Thakazhi Sivasankara Pillai (1912 - 99) ,Chemmeen (Shrimp)1956
It is set in fishing community in Kerala, and characters speak a variety of Malayalam used by fisherfolk in the region. The film Chemmeen, directed by Ramu Kariat, was made in 1965.
BankimAnandamath1882
It is a novel about a secret Hindu militia that fights Muslims to establish a Hindu kingdom. It was a novel that inspired many kinds of freedom fighters.
PremchandRangbhoomi (The Arena)
It has characters that create a community based on democratic values. Central character, Surdas, is a visually impaired beggar from a so-called ‘untouchable’ caste. The very act of choosing such a person as the ‘hero’ of a novel is significant. It makes the lives of the most oppressed section of society as worthy of literary reflection.
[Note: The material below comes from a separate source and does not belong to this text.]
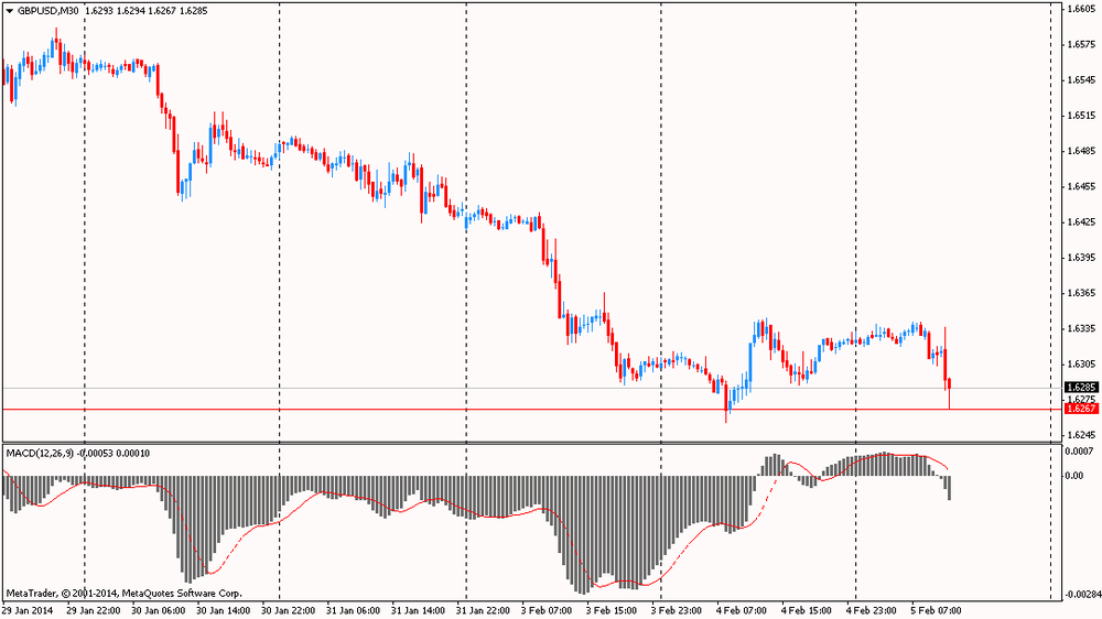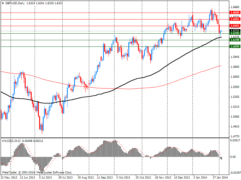 Курс британского фунта ранее резко обвалился против доллара США, что было связано с выходом неожиданно слабых данных по Британии. Как стало известно, рост в секторе услуг Британии, который является доминирующим, неожиданно замедлился в прошлом месяце, но активность оставалась высокой, предполагая, что экономика будет набирать обороты в первом квартале 2014 года. Опрос компаний также показал рост ценового давления для сектора услуг, но не до уровня, который мог бы стать проблемой для Банка Англии, и подтолкнуть его к повышению процентной ставки. Согласно отчету, индекс PMI в секторе услуг снизился в январе до 58,3 пункта с 58,8 пункта в декабре, достигнув самого низком значения с июня. Добавим, что согласно средним прогнозам экспертов, значение данного индекс должно было вырасти до 59,1 пункта. Тем не менее, не смотря на спад, индекс остался значительно выше отметки 50 пунктов, которая отделяет рост от сокращения.

His novels are filled with all kinds of powerful characters drawn from all levels of society. He rejected nostalgic obsession with history. His novels look towards the future without forgetting the importance of the past.

PremchandGodan (gift of Cow)1936
It is his best known work. It is an epic of the Indian peasantry. Novel tells the moving story of Hori and his wife Dhania, a peasant couple. Landlords, moneylenders, priests and colonial bureaucrats – all those who hold power in society – form a network of oppression, rob their land and make them into landless laborers. Yet Hori and Dhania retain their dignity to the end.
Rabindranath TagoreGhare Baire1916
It were historical and later based on domestic relationships and focused on women and nationalism. Concerns are featured in his Ghare Baire (1916) translated in 1919 as The Home and the World. The story is about Bimala, wife of Nikhilesh, a liberal landlord who believes that he can save his country by patiently bettering the lives of its poor and marginal sections. But Bimala is attracted to Sandip, her husband՚s friend and a firebrand extremist. Sandip is so completely dedicated to throwing out the British that he does not mind if the poor ‘low’ castes suffer and Muslims are made to feel like outsiders. By becoming a part of Sandip՚s group, Bimala gets a sense of self-worth and self-esteem. Bimala may be admired by the young males of the group but she cannot influence their decisions. Indeed, she is used by Sandip to acquire funds for the movement. Tagore՚s novels make us rethink both man-woman relationships and nationalism.